FIG. 5 illustrates a method of processing (e.g., with classification or regression output) using a convolutional style neural network. The method may include the operation of receiving an input feature map to an input layer of the convolutional style neural network, as in block 510. The input feature map may represent an image or other data that can be classified.

A convolutional layer may be applied to the input feature map using an operator and a filter to form an output feature map, as in block 520. The operator may include a similarity metric that provides a similarity output between a filter tensor from the filter and a feature tensor from the input feature map. The similarity output may be stored in the output feature map for each filter tensor and feature tensor pair. The similarity metric may determine a distance metric between the filter tensor from the filter and the feature tensor from the input feature map. In addition, the similarity metric can produce an output which approximates an activation function. Examples of a similarity metric may be at least one of: an L-2 norm of the feature tensor of the input feature map and the filter tensor, a modulo squared of the feature tensor and filter tensor that determines a distance metric between the feature tensor and the filter tensor defined between [−1, +1], a Cosine similarity, an Arccosine similarity, the similarity metric of Equation 3 in this disclosure, or a similarity metric computable between n-dimensional tensors. Furthermore, any similarity metric can be used as the operator which provides a similarity measure or distance measure and a non-linear output (e.g., similar to an activation function).
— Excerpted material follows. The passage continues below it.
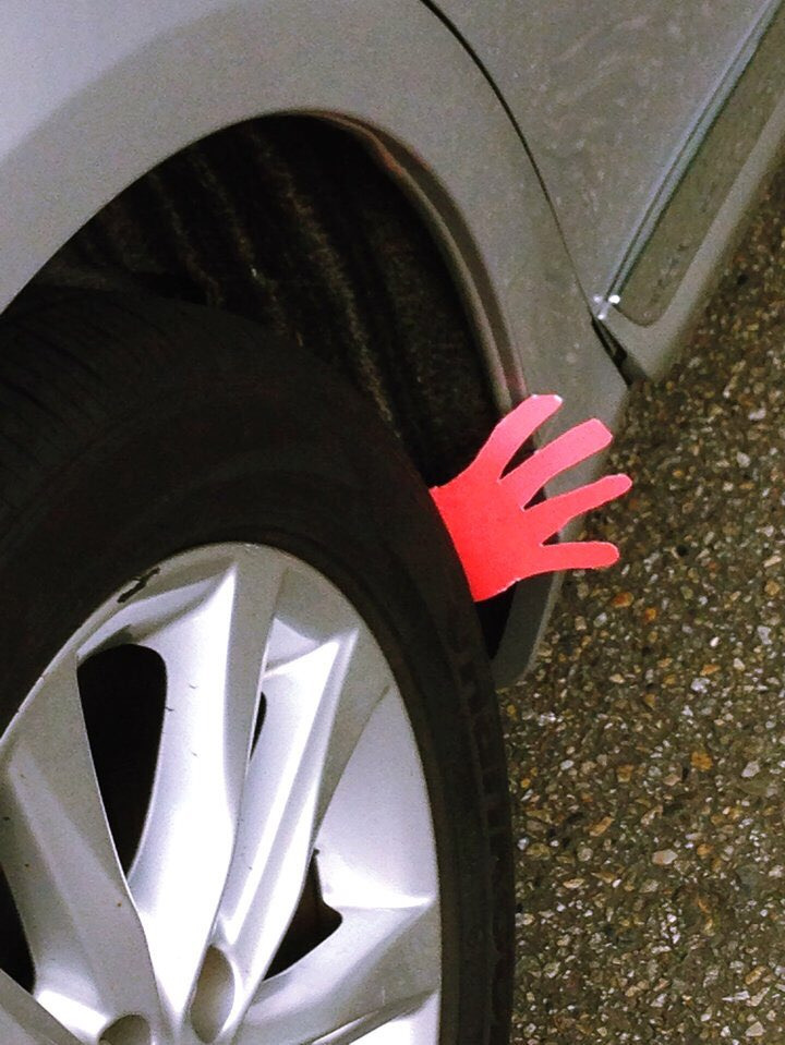 가까이 다가가서 보니 어린아이의 손이 차 뒷바퀴에 끼여 비명을 지르고 있었다. ㅎㅎㅎ

Using the similarity metric provides a more meaningful correlation between the inputs and the weights in the kernel. The similarity measure can provide more information because the operations can correlate the trained kernels (or filters) to the input images by determining a known distance metric between tensors in the kernels and input images. The use of a similarity measure or distance metric is valuable because the operator can provide output based on the similarity between the kernel and input image, which provides a more meaningful feature map. In order to recognize images, it is helpful to have the output parameters or weights from the similarity operation express similarity with one or more images that the kernel was trained on. The more similar the filter and input image are, the more likely the input image sample being received is relevant. Images with higher similarity measures are more likely to be classified correctly.
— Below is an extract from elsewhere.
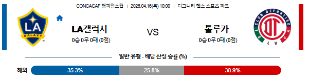 그래서 전체적인 상성은 톨루카의 전환 한 방도 분명 경계해야 하지만, 경기 주도권과 승부 에너지는 홈팀 쪽으로 더 강하게 기운다.
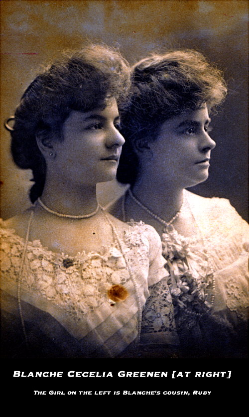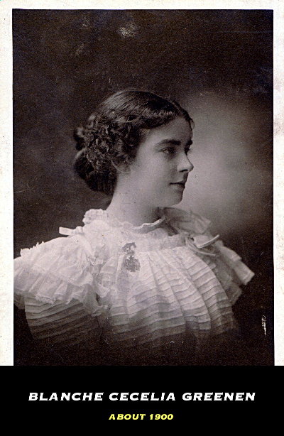 This photo shows Blanche Greenen (later Drew)  wearing some kind of medal... most likely won in the field of music.  I believe the date I wrote in the caption is WRONG!  Most likely Blanche is only about 15 or 16 here... which would date this photo in 1895 or '96.  Note that the dress is NOT the same as in the photo below... but I suspect the two photos represent an "annual" event at which Blanche was honored with a medal.

In past ConvNet models, two tensors (e.g., vectors) might be identified from the filter and from the input image, respectively. If a MAC and RELU operation are performed on these two tensors (e.g., vectors), these MAC and RELU operations have no real relation to how far apart the tensors (e.g., vectors) are or how similar the tensors (e.g., vectors) are. If a similarity measure is performed between two vectors, then the output can represent how far apart the vectors are (e.g., how similar they are). Assuming that prior training samples similar to the input image have been used to shape the kernel, then this technology can be compared to applying a point wise difference between the kernel and the input image to measure a distance between the kernel and input images. This point wise difference operation can be applied to the entire image and the kernel that is shaped by training images in order to enable classification of an input image or sample. More specifically, the output feature map may represent how far away the input image is from the filter on a per tensor basis (e.g., a per pixel basis). Then a classification or regression can be performed using these similarity values stored in the output feature map. When the filter and the image are closer together, better features, activations, and classifications may be generated.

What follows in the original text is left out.